Often option (3) creates a lot of data and I very quickly exceed the memory available to me(my server is 16 gigs) so the way I got around that was to setup a queue server(rabbitmq) that I would send and receive work from(it swaps the queue once it reaches a certain size of memory). This worked perfectly when I used small servers with faster nics to transfer the data, but lately I have been learning and converting my code from Java to c/c++ and running it on a GPU which has made the queues a big bottleneck. The bottleneck was obviously the network io(profiling on cheap systems showed high cpu usage and similar on old gpu's but new faster cpus/gpus are not getting utilized as much and network IO is steady at 300-400/mbs). So I decided to try to eliminate the network totally and run the queue server locally on the server which made it faster but I suspect it could be even more faster if I used a solution that didn't rely on external network services(even if I am running them locally). It may not work but I want to experiment.
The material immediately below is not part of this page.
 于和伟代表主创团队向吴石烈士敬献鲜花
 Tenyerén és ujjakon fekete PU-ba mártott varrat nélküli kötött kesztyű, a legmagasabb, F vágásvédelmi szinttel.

So my question is, is there anything that I can use like a queue that I can remove entries as I read them but also swaps the queue to disk once it reaches a certain size(but keeps the in-memory queue always full so I don't have to wait to read from disk)? When learning about Cuda, there are many examples of researchers running analysis on huge datasets, any ideas of how they keep data coming in at the fastest rate for the system to process(I imagine they aren't bound by disk/network otherwise faster gpu's wouldn't really give them magnitudes increase in performance)?
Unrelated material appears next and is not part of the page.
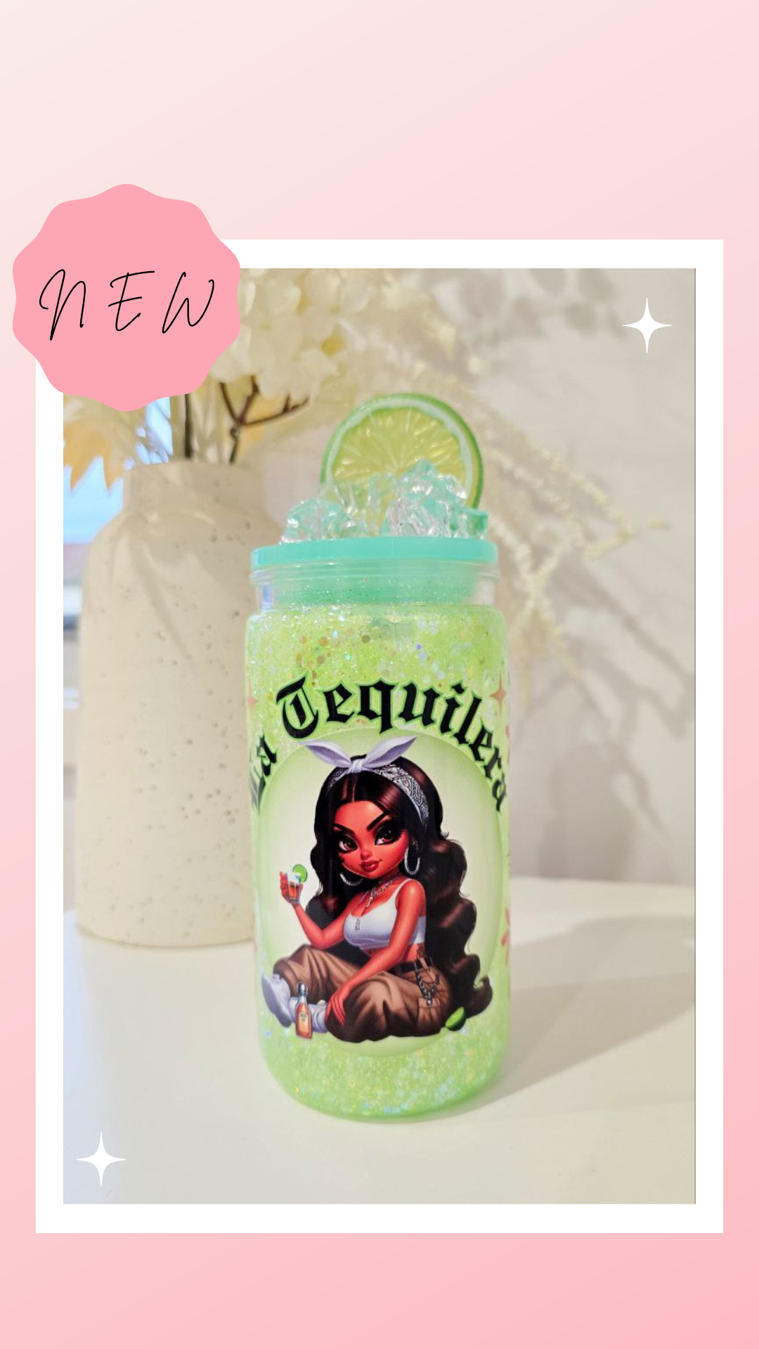 Comes with a decorated green lid, straw

Does anything like this exist?
p.s. if it helps, so far I have experimented with rabbitmq(too slow for my situation), apollo mq(good but still network based), reddis(really liked it but cannot exceed physical memory), playing with mmap(), and I've also compressed my data to get better throughput. I know general solutions but I'm wondering if there's something native to c/c++, cuda or a library I can use(ideally, I would have a queue in Cuda global memory that swapped to the host memory that swapped to the disk so the GPU's would always be at full speed but that maybe wishful thinking). If there's anything else you can think of let me know and I'd enjoy experimenting with it(if it helps, I develop on a Mac and run it on linux).
Let me suggest something quite different.
Building a custom solution would not be excessively hard for an experienced programmer, but it is probably impossible for an inexperienced or even intermediate programmer to produce something robust and reliable.
Have you considered a DBMS?
For small data sets it will all be cached in memory. As it grows, the DBMS will have some very sophisticated caching/paging techniques. You get goodies like sorting/prioritisation, synchronisation/sharing for free.
A really well-written custom solution will be much faster than a DBMS, but will have huge costs in developing and maintaining the custom solution. Spend a bit of time optimising and tuning the DBMS and it starts looking pretty fast and will be very robust.
It may not fit your needs, but I'd suggest having a long hard look at a DBMS before you reject it.
There's an open source implementation of the Standard Template Library containers that's created to address exactly this problem.
STXXL nearly transparently swaps data to the disk for any of the standard STL containers. It's very well-written and well-maintained, and is very easy to adapt/migrate your code to given its similarity to the STL.
Another option is to use the existing STL containers but specify a disk-backed allocator. All the STL containers have a template parameter for the STL allocator, which specifies how the memory for entries is stored. There's a good disk-backed STL allocator that's on the tip of my tongue, but I can't seem to find via Google (I'll update this if/when I do).
Edit: I see Roger had actually already mentioned this in the comments.